# What you need to do
Return nothing but the lines from the line with "SMALLRIG 3531 CAGE" through the last line of the entries that follow, copied exactly and free of pictures.

# Source data

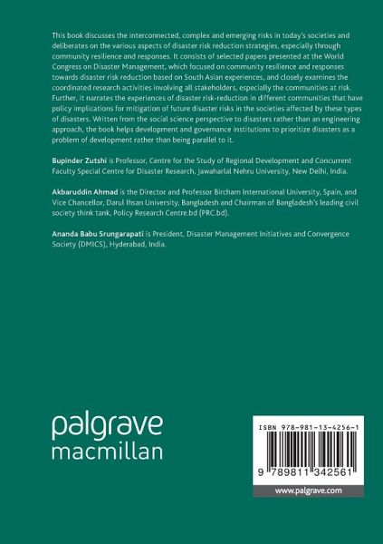 This book discusses the interconnected, complex and emerging risks in today's societies and deliberates on the various aspects of disaster risk reduction strategies especially through community resilience and responses. It consists of selected papers presented at the World Congress on Disaster Management, which focused on community resilience and responses towards disaster risk reduction based on South Asian experiences, and closely examines the coordinated research activities involving all stakeholders, especially the communities at risk. Further, it narrates the experiences of disaster…mehr
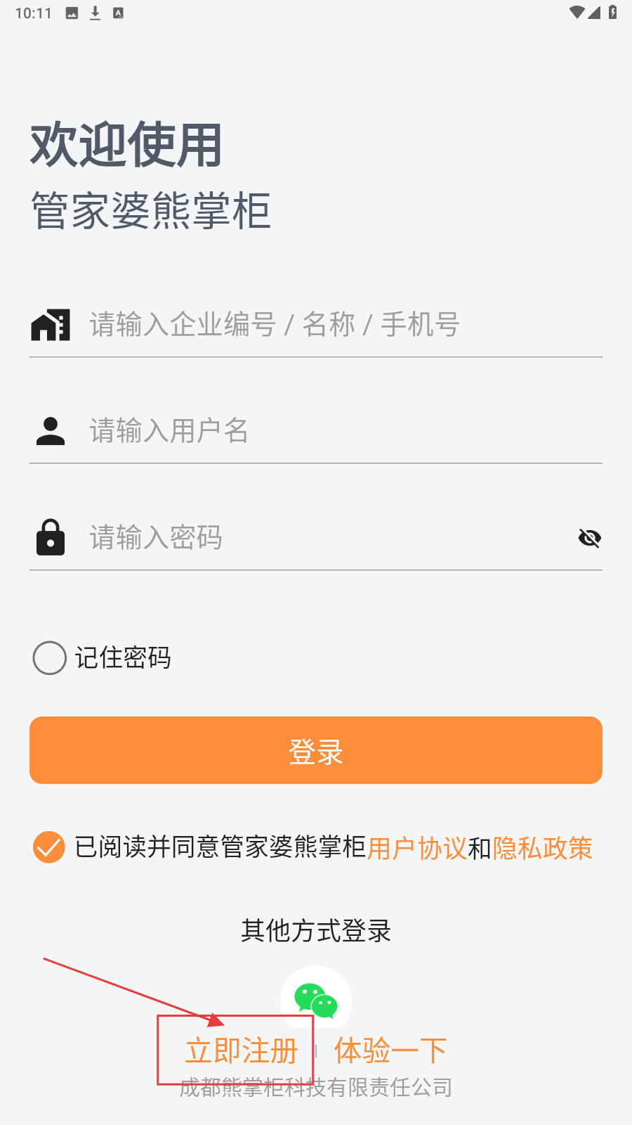 1、打开管家婆熊掌柜登录页,点击【立即注册】,进入用户注册流程。
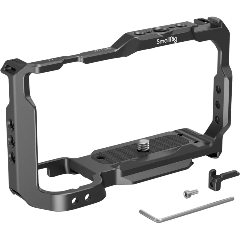 SMALLRIG 3531 CAGE FOR SONY ZV-E10 3531 The SmallRig Cage for Sony ZV E10 is designed to provide accessory mounts and protection. It maintains access to buttons, card slots, battery compartment, and flip screen.
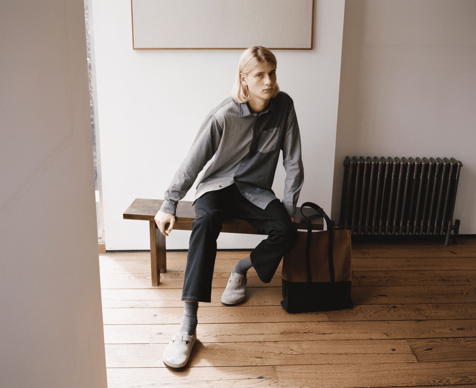 Shop the look: JW Anderson flannel shirt, JW Anderson HEATTECH warm lined trousers, JW Anderson HEATTECH anti-odour colour block socks and JW Anderson tote bag
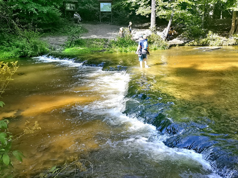 Drugie wejście na szlak jest wcześniej - przy mostku gdzie umieszczono ławkę i jakby malutką przystań, z której również można zejść do rzeki. A woda jest tu spokojna i dobrze widać jak krystalicznie czysta. Po przejściu mostka trzeba iść drugą stroną rzeki i po chwili wejść na szlak żółty pod górę piaszczystą ścieżką. To jednak dobra trasa na powrót - nie trzeba wspinać się po piaszczystej drodze i nie ma mapki szlaku, którą lepiej zobaczyć na starcie.

# Exercise response
 SMALLRIG 3531 CAGE FOR SONY ZV-E10 3531 The SmallRig Cage for Sony ZV E10 is designed to provide accessory mounts and protection. It maintains access to buttons, card slots, battery compartment, and flip screen.
 Shop the look: JW Anderson flannel shirt, JW Anderson HEATTECH warm lined trousers, JW Anderson HEATTECH anti-odour colour block socks and JW Anderson tote bag
 Drugie wejście na szlak jest wcześniej - przy mostku gdzie umieszczono ławkę i jakby malutką przystań, z której również można zejść do rzeki. A woda jest tu spokojna i dobrze widać jak krystalicznie czysta. Po przejściu mostka trzeba iść drugą stroną rzeki i po chwili wejść na szlak żółty pod górę piaszczystą ścieżką. To jednak dobra trasa na powrót - nie trzeba wspinać się po piaszczystej drodze i nie ma mapki szlaku, którą lepiej zobaczyć na starcie.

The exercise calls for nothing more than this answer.